**THE DATA**
______________________________

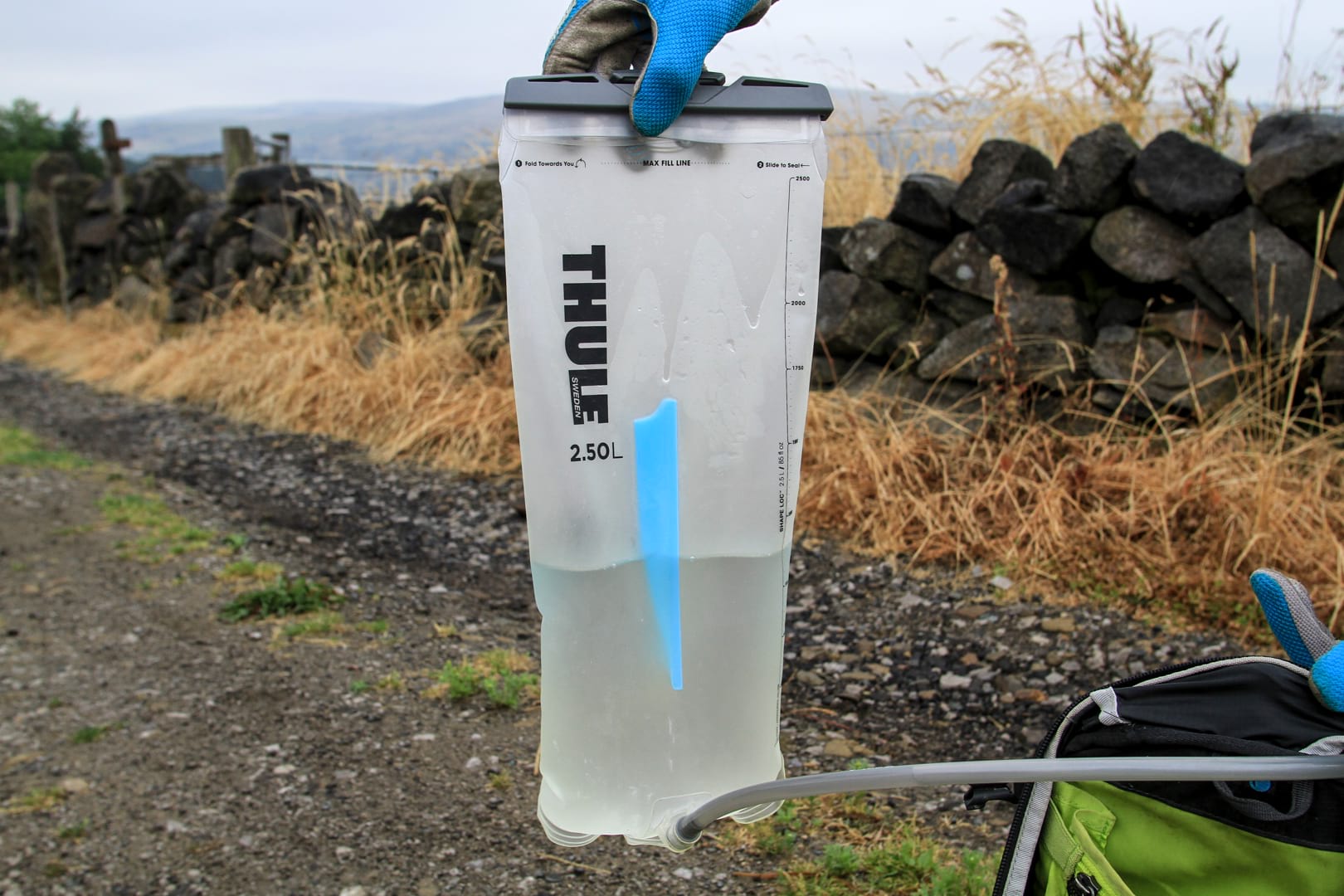 The thin-walled Hydrapak bladder sits inside its own dedicated sleeve behind the main storage compartment, with a small strap hoisting it vertically. In use, it’s fiddly to take out and refill, since the retaining strap is tight and inflexible. Once you’ve managed to unhook it, a slide tab comes off the bladder to reveal a wide-mouth opening that allows for easy refilling and cleaning. Unfortunately the hose isn’t detachable, so I had to rest the whole pack on the sink while I filled up the reservoir. I still don’t think Hydrapak’s bite valve is as good as Camelbak’s, with less flow available through the tube, and a more specific bite technique is required before you’re rewarded with fluids. It works fine though.
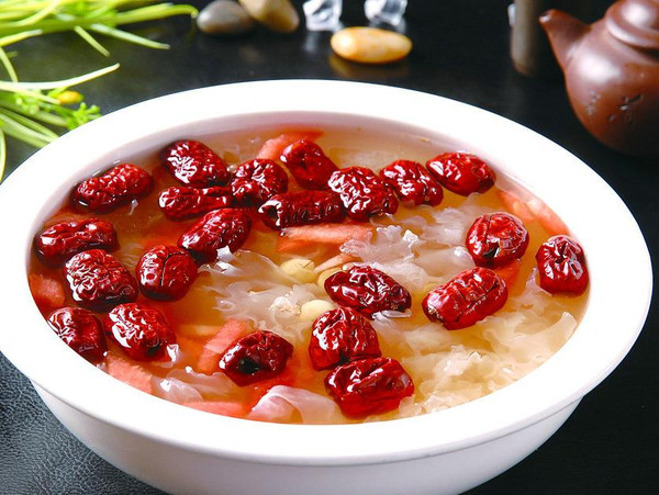 冰糖银耳是是一道传统的汉族甜点小吃。是席上珍品佳肴和滋补佳品。用冰糖、银耳各半,放入砂锅中加水,以文火加热,煎炖成糊状。
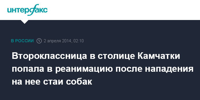 Петропавловск-Камчатский. 2 апреля. INTERFAX.RU - Восьмилетняя девочка госпитализирована с множественными ранами в реанимационное отделение больницы после нападения стаи бродячих собак в жилом районе Петропавловска-Камчатского, сообщила агентству "Интерфакс - Дальний Восток" сотрудник пресс-службы УМВД по Камчатскому краю Елена Овчинникова.
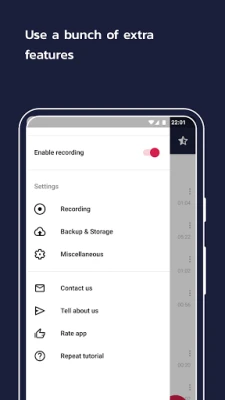 * Overlay (run over other apps) - enables the recording of phone calls and VoIP conversations.

______________________________

**YOUR GOAL**
Restate the full listing verbatim and drop every picture.

**RESPONSE AREA**
 The thin-walled Hydrapak bladder sits inside its own dedicated sleeve behind the main storage compartment, with a small strap hoisting it vertically. In use, it’s fiddly to take out and refill, since the retaining strap is tight and inflexible. Once you’ve managed to unhook it, a slide tab comes off the bladder to reveal a wide-mouth opening that allows for easy refilling and cleaning. Unfortunately the hose isn’t detachable, so I had to rest the whole pack on the sink while I filled up the reservoir. I still don’t think Hydrapak’s bite valve is as good as Camelbak’s, with less flow available through the tube, and a more specific bite technique is required before you’re rewarded with fluids. It works fine though.
 冰糖银耳是是一道传统的汉族甜点小吃。是席上珍品佳肴和滋补佳品。用冰糖、银耳各半,放入砂锅中加水,以文火加热,煎炖成糊状。
 Петропавловск-Камчатский. 2 апреля. INTERFAX.RU - Восьмилетняя девочка госпитализирована с множественными ранами в реанимационное отделение больницы после нападения стаи бродячих собак в жилом районе Петропавловска-Камчатского, сообщила агентству "Интерфакс - Дальний Восток" сотрудник пресс-службы УМВД по Камчатскому краю Елена Овчинникова.
 * Overlay (run over other apps) - enables the recording of phone calls and VoIP conversations.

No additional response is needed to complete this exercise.